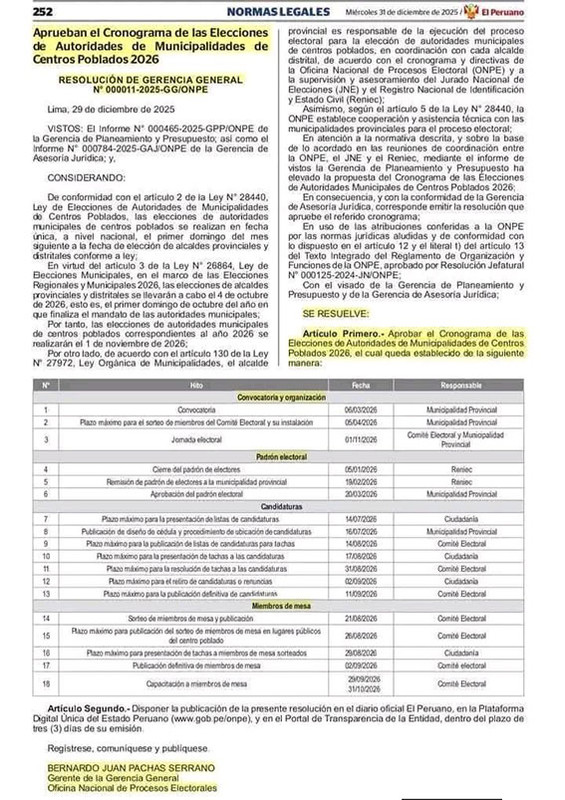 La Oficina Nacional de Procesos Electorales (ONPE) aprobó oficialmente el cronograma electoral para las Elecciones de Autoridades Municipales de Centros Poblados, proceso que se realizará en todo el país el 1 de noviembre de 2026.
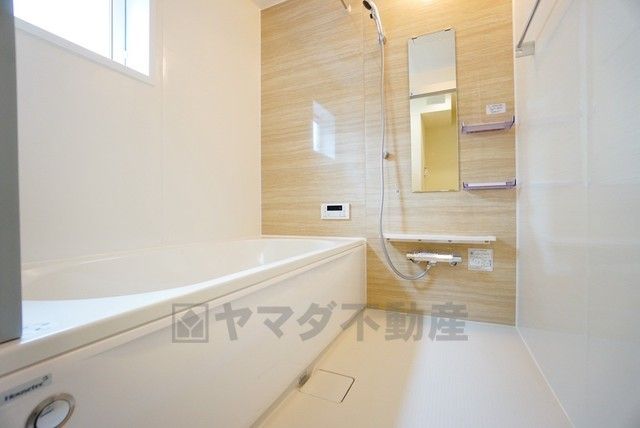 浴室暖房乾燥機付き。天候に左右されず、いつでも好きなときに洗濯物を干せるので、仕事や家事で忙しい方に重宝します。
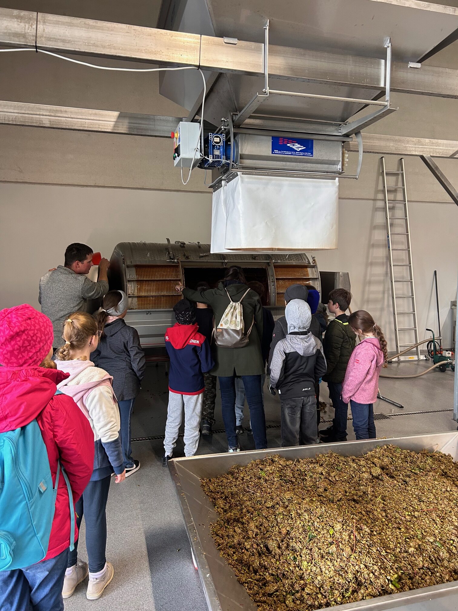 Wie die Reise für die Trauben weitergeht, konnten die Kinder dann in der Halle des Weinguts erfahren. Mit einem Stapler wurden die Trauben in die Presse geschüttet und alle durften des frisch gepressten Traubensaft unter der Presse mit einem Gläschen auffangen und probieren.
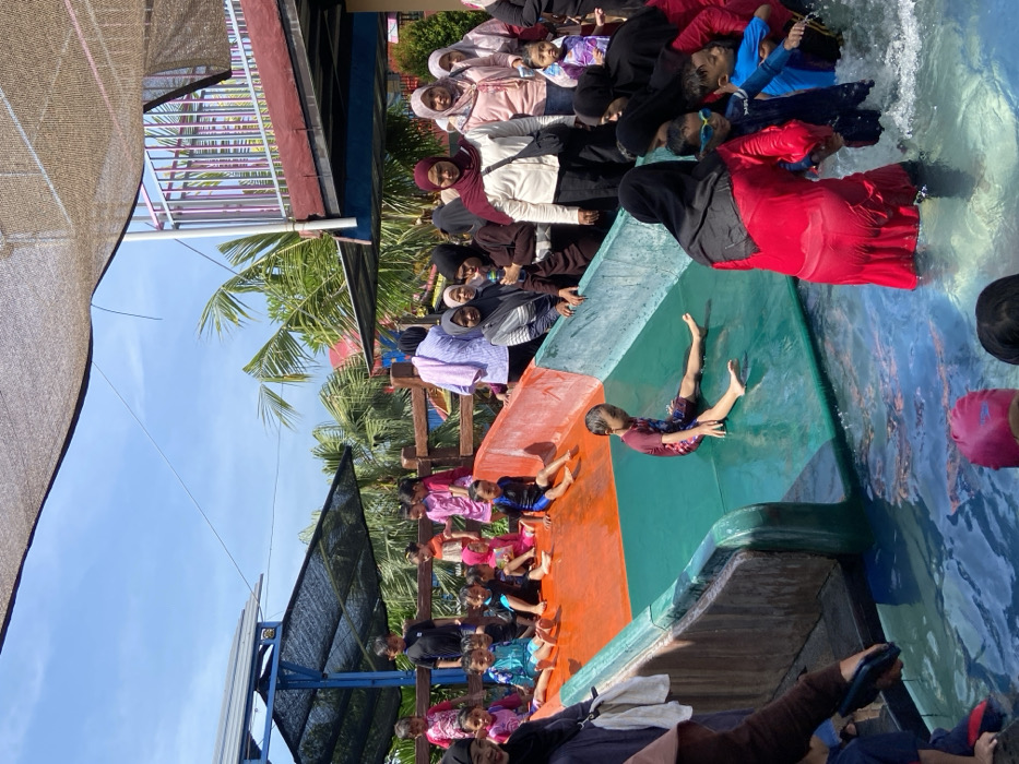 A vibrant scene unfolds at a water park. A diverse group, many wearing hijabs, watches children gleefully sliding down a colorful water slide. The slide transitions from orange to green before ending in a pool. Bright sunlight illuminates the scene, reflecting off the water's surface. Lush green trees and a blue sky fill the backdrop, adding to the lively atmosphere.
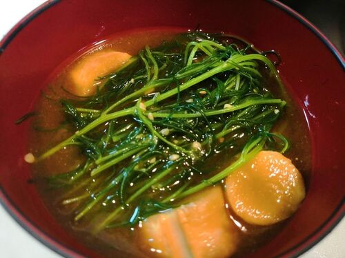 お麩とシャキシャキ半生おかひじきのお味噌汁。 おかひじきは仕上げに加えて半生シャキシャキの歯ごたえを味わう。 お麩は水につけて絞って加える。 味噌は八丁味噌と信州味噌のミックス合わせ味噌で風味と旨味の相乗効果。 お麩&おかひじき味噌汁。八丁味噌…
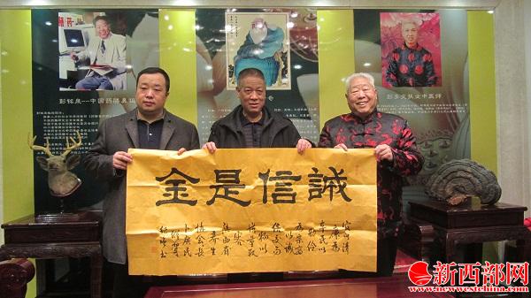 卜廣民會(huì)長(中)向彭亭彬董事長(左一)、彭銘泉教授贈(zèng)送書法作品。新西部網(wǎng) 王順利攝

★ ★ ★ ★

» WORK REQUIRED
Reproduce the material above exactly, but only from the line with "A vibrant scene" through its last line, leaving pictures out.

» TASK ANSWER
 A vibrant scene unfolds at a water park. A diverse group, many wearing hijabs, watches children gleefully sliding down a colorful water slide. The slide transitions from orange to green before ending in a pool. Bright sunlight illuminates the scene, reflecting off the water's surface. Lush green trees and a blue sky fill the backdrop, adding to the lively atmosphere.
 お麩とシャキシャキ半生おかひじきのお味噌汁。 おかひじきは仕上げに加えて半生シャキシャキの歯ごたえを味わう。 お麩は水につけて絞って加える。 味噌は八丁味噌と信州味噌のミックス合わせ味噌で風味と旨味の相乗効果。 お麩&おかひじき味噌汁。八丁味噌…
 卜廣民會(huì)長(中)向彭亭彬董事長(左一)、彭銘泉教授贈(zèng)送書法作品。新西部網(wǎng) 王順利攝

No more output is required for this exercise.